The 'lift enhancing devices' clause is now clearer (it is not a ban like in standard class gliders for example) but in some weather it would be preferable to have an aircraft with higher wing loading and stall speed as a safety matter --negative flaps also 'de stress' the wing in rough air effectively .

I find the prohibition on twin engines less agreeable particularly as this general sort of aircraft will usually be able to stay airborne on half the power needed to fly at 2.5 times stall speed -- and the unreliability of engines is probably one of the primary sources of failure . Twin engine designs like the Lazair and Cri Cri would seem to be ruled out categorically despite being benign by design ( surely the usual clause "unless a compensating feature can be shown to provide an equal or better level of safety" could be inserted to maintain the spirit of the law --unless it is but buried in the unabridged version of the rules ) Push pull centreline twins do have the issue of KNOWING that an engine has failed if it is the rear one but Rutan has shown that even that is no problem with the Defiant and even fixed pitch props and would be easier to arrange with a higher span -- the Starship configuration is another way to get a minimum assymetry with power loss on one side that would be 'ruled' out . Besides the safety issues there are other considerations for MULTI engine layouts using smaller and cheaper engines or electric motors -- the odds of losing a given fraction of power are less with more motors provided the thrust moments are low (didn't the electric CriCri have four electric motors -two in each pod with push pull props ? )

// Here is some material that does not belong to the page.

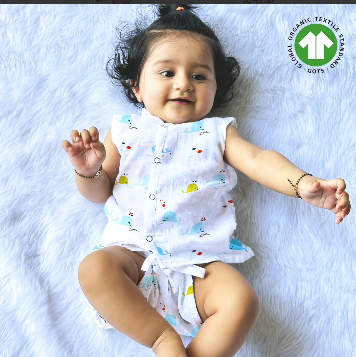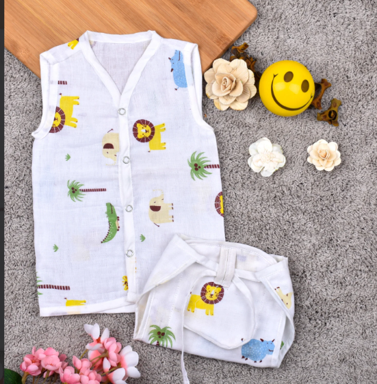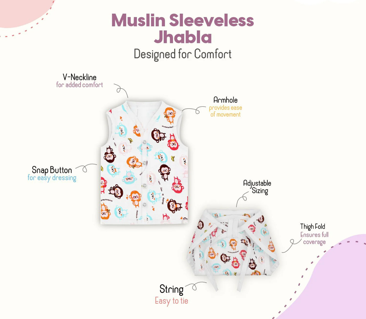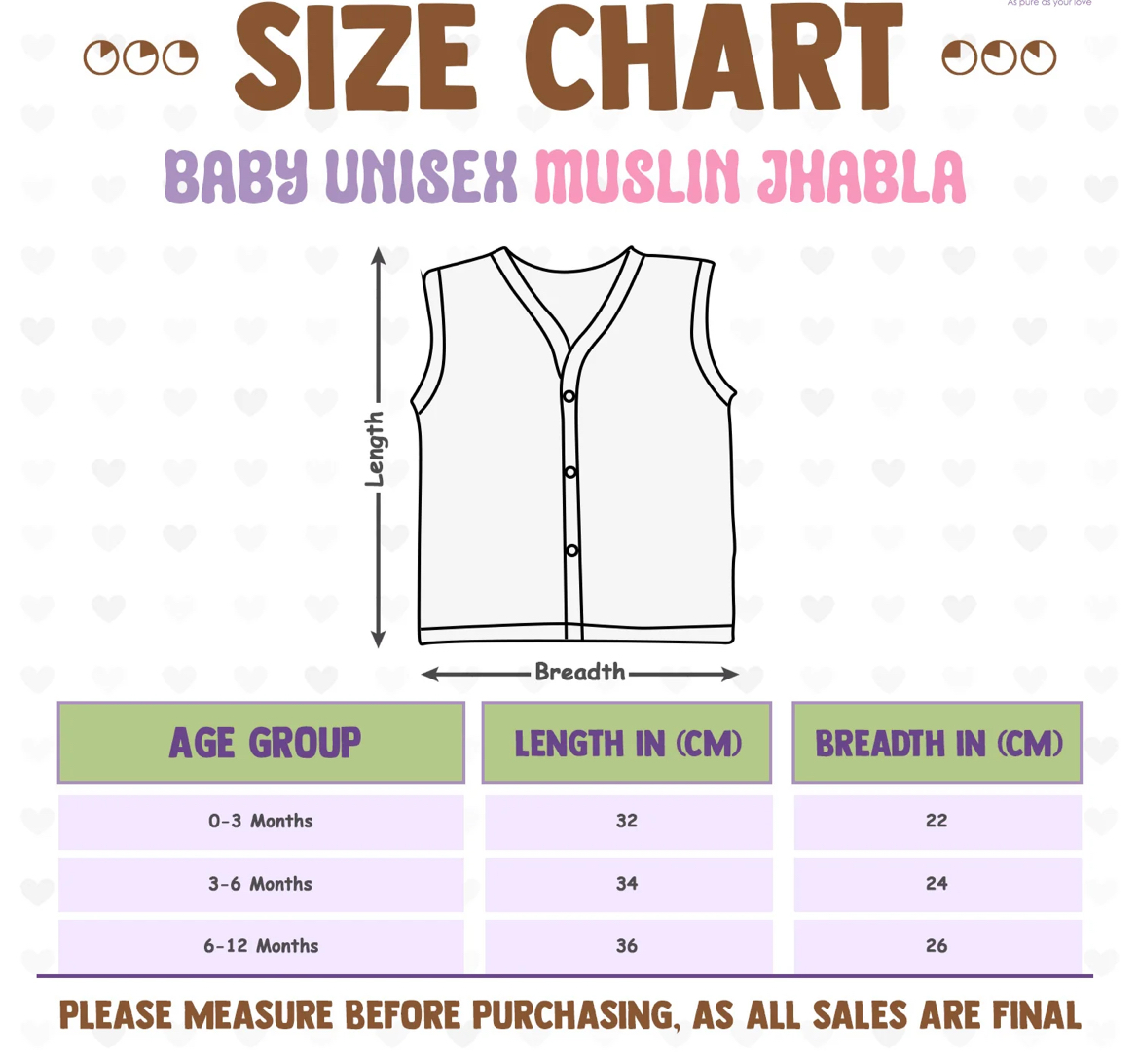 Wrap your little one in pure comfort with this Jhabla and Nappy set, crafted from super-soft, breathable muslin fabric. Gentle as a feather on your baby’s delicate skin, it makes the perfect very-first clothing choice. The best part? It gets even softer with every wash, making it ideal for both everyday wear and cozy sleepwear.

I am against any sort of arbitrary restrictions in general and my interest is in getting past the 'critical mass' threshold for mass use of flying vehicles --as you all know .. in that respect the LSA rules are cited as being responsible for the Terrafugia roadable and several others in the pipeline --how the rules influence the real world safety of these aircraft will impact on the future of that whole class of aircraft as well.

I would like to see the elimination of the "No Fly zone' that presently exists where just about everybody lives and goes about their daily affairs --suburbia and the places where cars are accepted to operate on an 'acceptable risk' basis . (but were once just as restricted or even banned for similar unfounded fears --the "red flag act ' or " locomotives on highways act of 1861 " in england that was only lifted in 1896 --after an MP defied the law by driving a horseless carriage into the grounds of Parliament --shock horror, WITHOUT a man in front waving a red flag . Today it seems quaint or almost incredible that such groundless restrictions were enforced but they indeed were for 35 years . I would suggest that the restrictions on use of the airspace around towns and cities is just as unfounded given the current level of electronic aids,reliability of power and the possibility to create sufficient landing and take off places without any hazard or ill effects to those nearby . LSA could function as a means to further the goal of real everyday flying machines being as close as your own driveway and only a fw hundred yards to come and go by air (that the LSA rules have prompted the first roadable vehicle for a long time is perhaps significant . Finding a 'thin end of the wedge' was essential to get motor cars on to the roads and the same thing could be found in new rules like LSA for flying cars if they were flexible enough for failsafe power etc -just my take on it anyway.